THE TASK:
Produce a faithful copy of the data, one that leaves out the pictures.

MATERIAL PROVIDED:
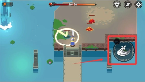 再次出现后,你会抵达一片陌生的大陆,这里栖息着众多怪物,你可以借助手中的武器将它们消灭,点击右侧的按键就能发起攻击。
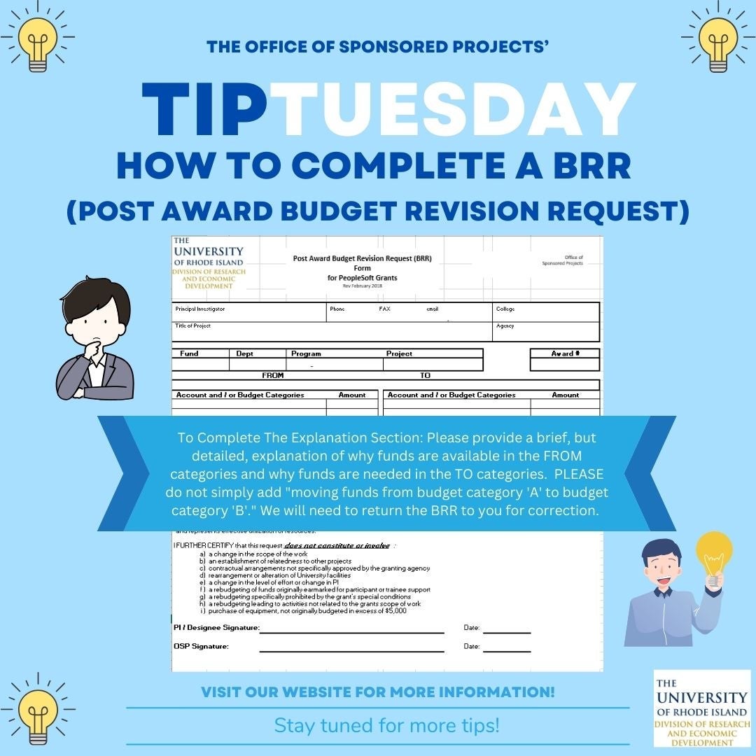 A Budget Revision Request (BRR) is a form used to request changes to the budget of a sponsored project. It requires an explanation, a signature, and certification from the Principal Investigator (PI) or designee that the request does not involve criteria that necessitate prior written approval from the agency. The revised costs should not be incurred or recorded until the BRR has been reviewed, approved, and processed by the Office of Sponsored Projects (OSP) Post Award Specialist. You can find your specialist at this link https://web.uri.edu/research-admin/research-admin/central-post-award-college-area-contact/
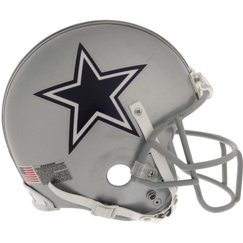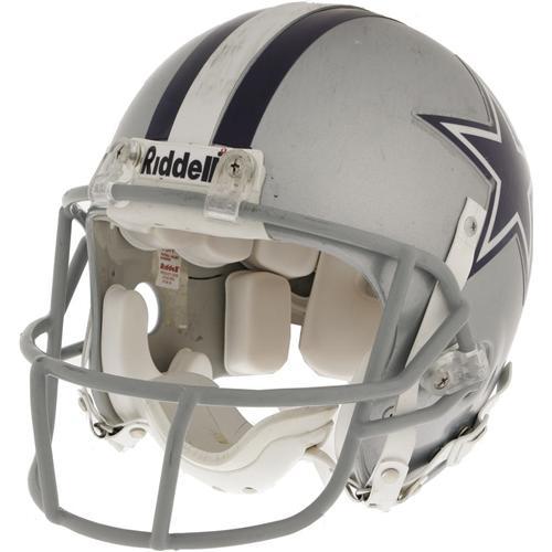 <B>2006 Terry Glenn Game Worn Helmet.</B></I> Though helmets are reconditioned after every game, there are gashes and gouges no equipment manager can remove, and we find a few of them scattered across the exterior shell of this silver battle veteran. Permanently affixed chin strap, with its high hook-up positioning, is still present and shows good, sweaty wear to match the interior padding system. Number "83" is markered onto the chin strap as well. Dymo tape "Glenn" applied to rear center stripe above custom "Cowboys" bumper. Decals of the NFL logo, the American flag, and warning label are affixed in their proper positions. A picture-perfect NFL gamer.<BR><BR><b>Shipping:</b> Clothing, Costumes & Jerseys (<a target="_blank" href="http://www.heritageauctions.com/common/shipping.php">view shipping information</a>)
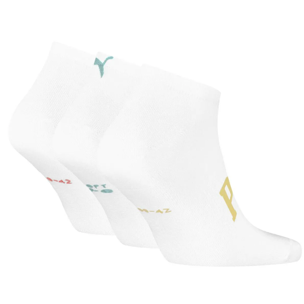 Das Set beinhaltet drei Paar in Weiß mit dem Logo in Gelb, Grün und Rot.
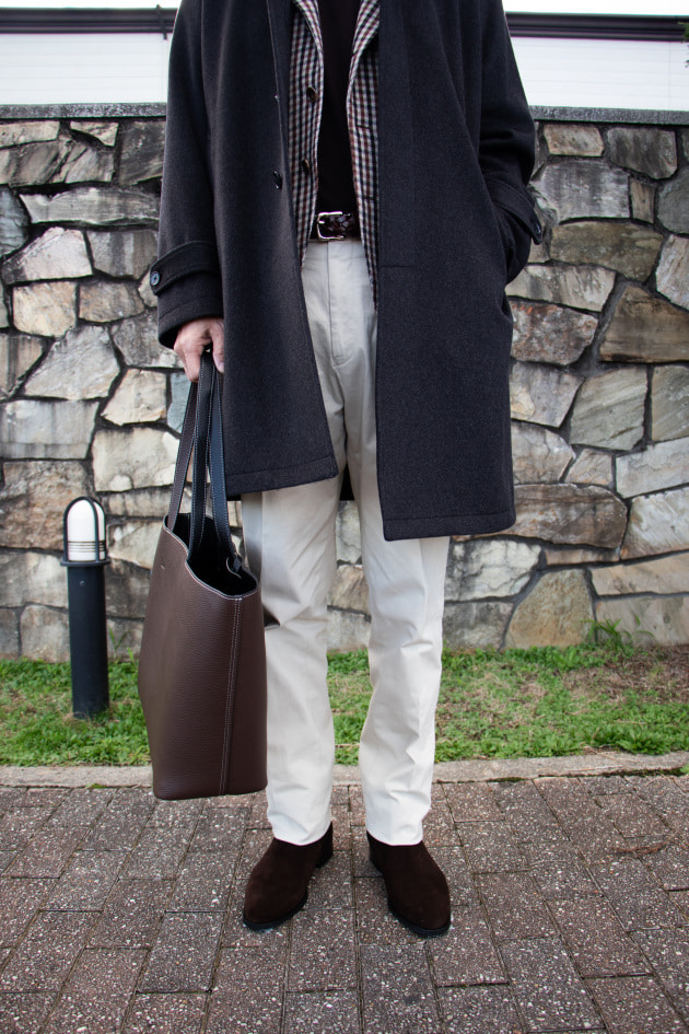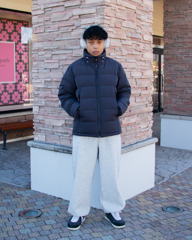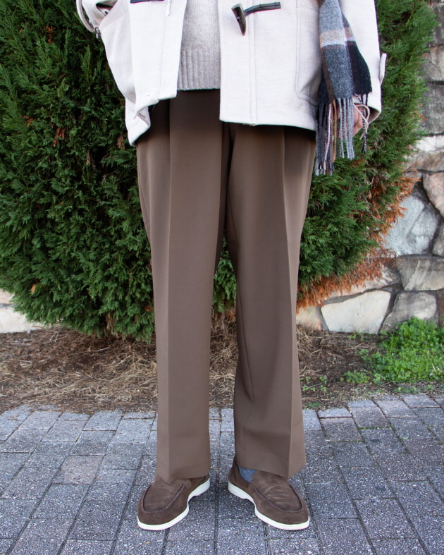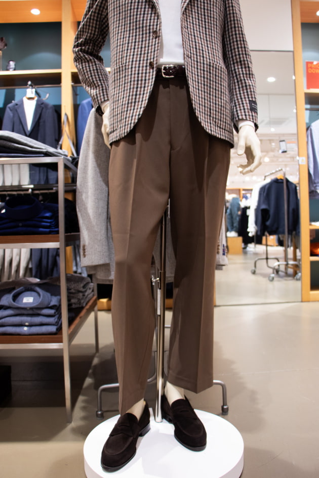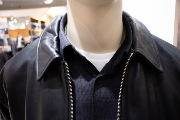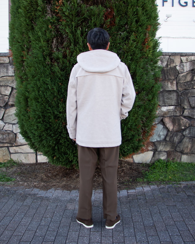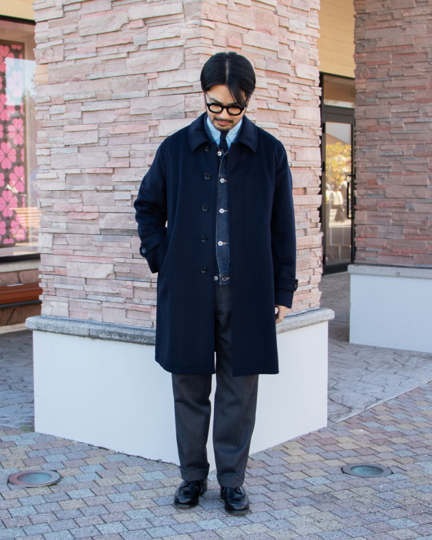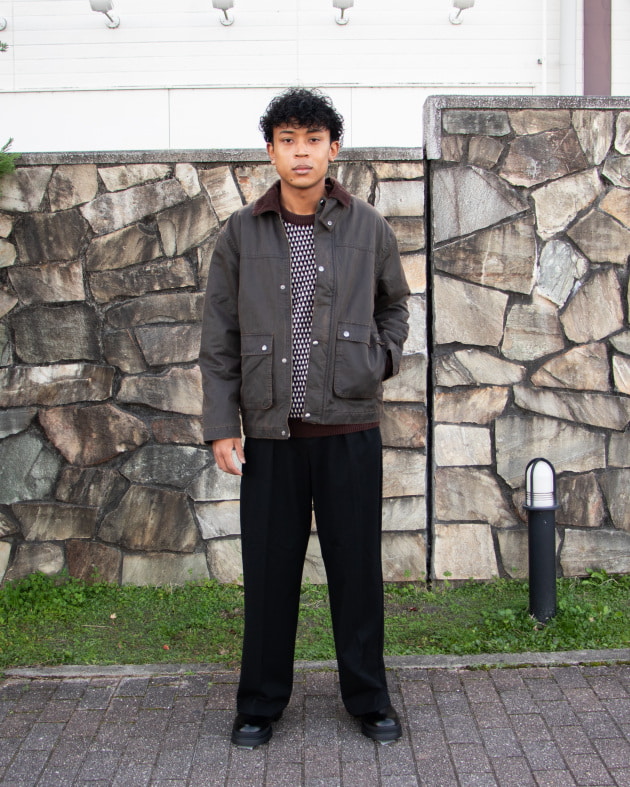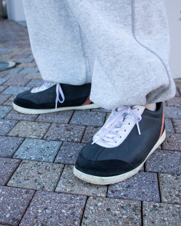 個人的にレザーや、ミリタリー由来のアイテムにはデニムやチノ、カーゴパンツ等ヘリテージなアイテムをを合わせたくなりますが、スタッフ楯はイージーパンツを合わせて軽快に合わせています。

RESPONSE AREA:
 再次出现后,你会抵达一片陌生的大陆,这里栖息着众多怪物,你可以借助手中的武器将它们消灭,点击右侧的按键就能发起攻击。
 A Budget Revision Request (BRR) is a form used to request changes to the budget of a sponsored project. It requires an explanation, a signature, and certification from the Principal Investigator (PI) or designee that the request does not involve criteria that necessitate prior written approval from the agency. The revised costs should not be incurred or recorded until the BRR has been reviewed, approved, and processed by the Office of Sponsored Projects (OSP) Post Award Specialist. You can find your specialist at this link https://web.uri.edu/research-admin/research-admin/central-post-award-college-area-contact/
 <B>2006 Terry Glenn Game Worn Helmet.</B></I> Though helmets are reconditioned after every game, there are gashes and gouges no equipment manager can remove, and we find a few of them scattered across the exterior shell of this silver battle veteran. Permanently affixed chin strap, with its high hook-up positioning, is still present and shows good, sweaty wear to match the interior padding system. Number "83" is markered onto the chin strap as well. Dymo tape "Glenn" applied to rear center stripe above custom "Cowboys" bumper. Decals of the NFL logo, the American flag, and warning label are affixed in their proper positions. A picture-perfect NFL gamer.<BR><BR><b>Shipping:</b> Clothing, Costumes & Jerseys (<a target="_blank" href="http://www.heritageauctions.com/common/shipping.php">view shipping information</a>)
 Das Set beinhaltet drei Paar in Weiß mit dem Logo in Gelb, Grün und Rot.
 個人的にレザーや、ミリタリー由来のアイテムにはデニムやチノ、カーゴパンツ等ヘリテージなアイテムをを合わせたくなりますが、スタッフ楯はイージーパンツを合わせて軽快に合わせています。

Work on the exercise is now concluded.